Question 4 (10 points): Write python code to rank the text based on text similarity. Based on the text data you used for question 2, design a query to match the most relevant docments. Please use the BERT model to represent both your query and the text data, then calculate the cosine similarity between the query and each text in your data. Rank the similary with descending order.

In [26]:
pip install transformers scipy



In [28]:
import numpy as np
from scipy.spatial.distance import cosine
from transformers import BertTokenizer, BertModel
import torch

# Sample text data
sample_reviews = [
    "The food at this restaurant is amazing. I love their pasta!",
    "Service was slow, and the food was terrible.

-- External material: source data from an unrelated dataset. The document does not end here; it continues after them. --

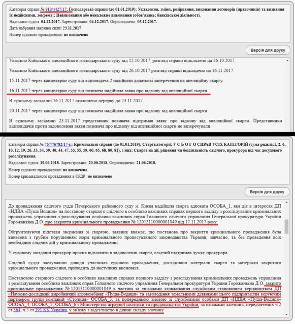 Щоб не ризикувати, ТОВ «Інвест-Будсістемс» 16.11.2017 відмовляється від апеляційної скарги. А вже на наступний день, 17.11.2017, навіть не дочекавшись рішення КАГС про припинення справи, старший слідчий ГСУ ГПУ Дмитро Горожанкін закриває кримінальне провадження по ділянкам ДП «НДВА «Пуща-Водиця» в Києві у зв’язку з відсутністю в діянні складу злочину. (Рис. 4)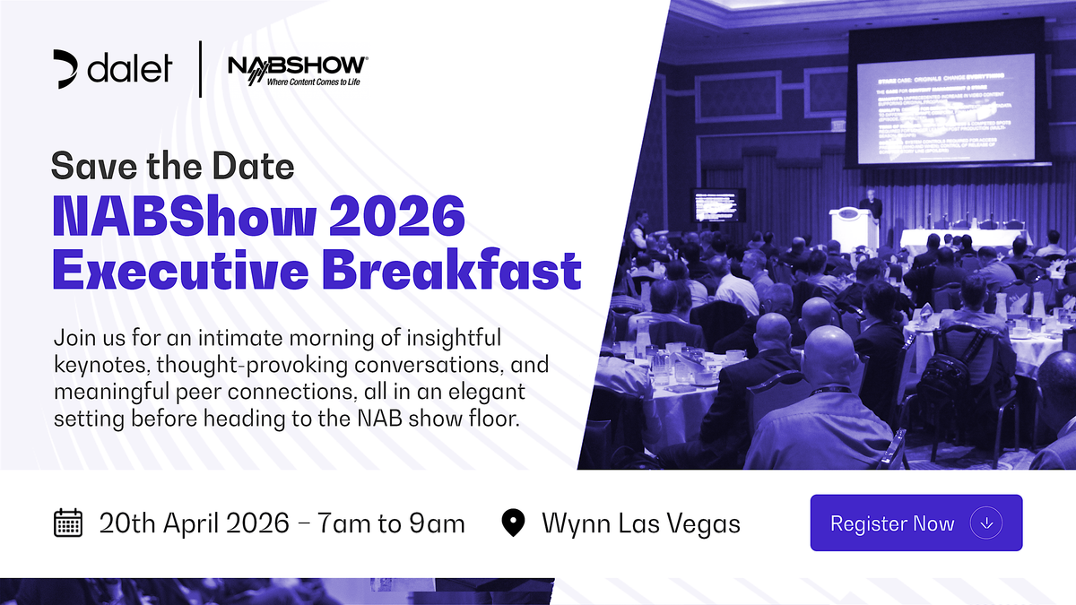 Join us in person for the Dalet NAB Executive Breakfast! It's a fantastic chance to connect with industry leaders, enjoy great conversations, and kickstart your day with energy and insights. Come network, share ideas, and discover what’s new in the world of media and technology. Don’t miss out on this casual yet impactful meet-up – see you there!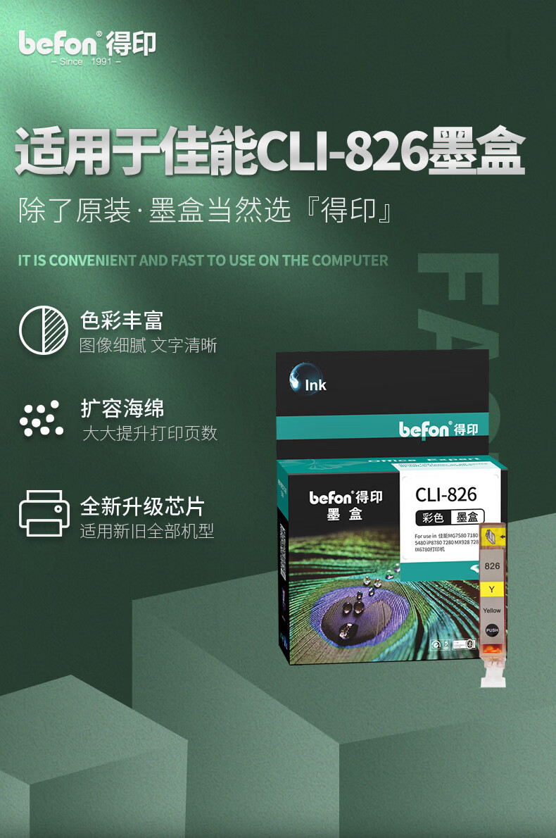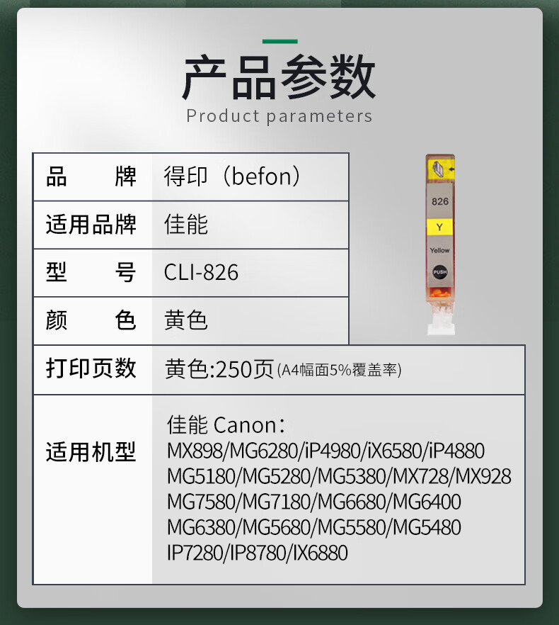 得印CLI-826墨盒黄大容量 适用佳能 MX898/MG6280/iP4980(单位:支)250页 黄色

I won't come back.",
    "The ambiance was nice, and the staff was friendly.",
]

# Query
query = "I'm looking for a restaurant with great food and friendly staff."

# Load BERT tokenizer and model
tokenizer = BertTokenizer.from_pretrained('bert-base-uncased')
model = BertModel.from_pretrained('bert-base-uncased')

# Tokenize and encode the query
query_tokens = tokenizer.encode(query, add_special_tokens=True)
query_tokens = torch.tensor(query_tokens).unsqueeze(0)

# Generate BERT embeddings for the query
with torch.no_grad():
    query_embeddings = model(query_tokens)[0].mean(dim=1).numpy().flatten()  # Flatten the embeddings

# Calculate cosine similarity between query and each document
similarities = []
for review in sample_reviews:
    # Tokenize and encode the document
    doc_tokens = tokenizer.encode(review, add_special_tokens=True)
    doc_tokens = torch.tensor(doc_tokens).unsqueeze(0)

    # Generate BERT embeddings for the document
    with torch.no_grad():
        doc_embeddings = model(doc_tokens)[0].mean(dim=1).numpy().flatten()  # Flatten the embeddings

    # Calculate cosine similarity
    similarity = 1 - cosine(query_embeddings, doc_embeddings)
    similarities.append(similarity)

# Rank documents based on similarity in descending order
ranked_indices = np.argsort(similarities)[::-1]
ranked_documents = [sample_reviews[i] for i in ranked_indices]

# Print the ranked documents and their similarity scores
for i, document in enumerate(ranked_documents):
    print(f"Rank {i+1}: Similarity Score: {similarities[ranked_indices[i]]:.4f}")
    print(document)
    print()


Rank 1: Similarity Score: 0.7755
The food at this restaurant is amazing. I love their pasta!

Rank 2: Similarity Score: 0.7386
Service was slow, and the food was terrible. I won't come back.

Rank 3: Similarity Score: 0.7386
The ambiance was nice, and the staff was friendly.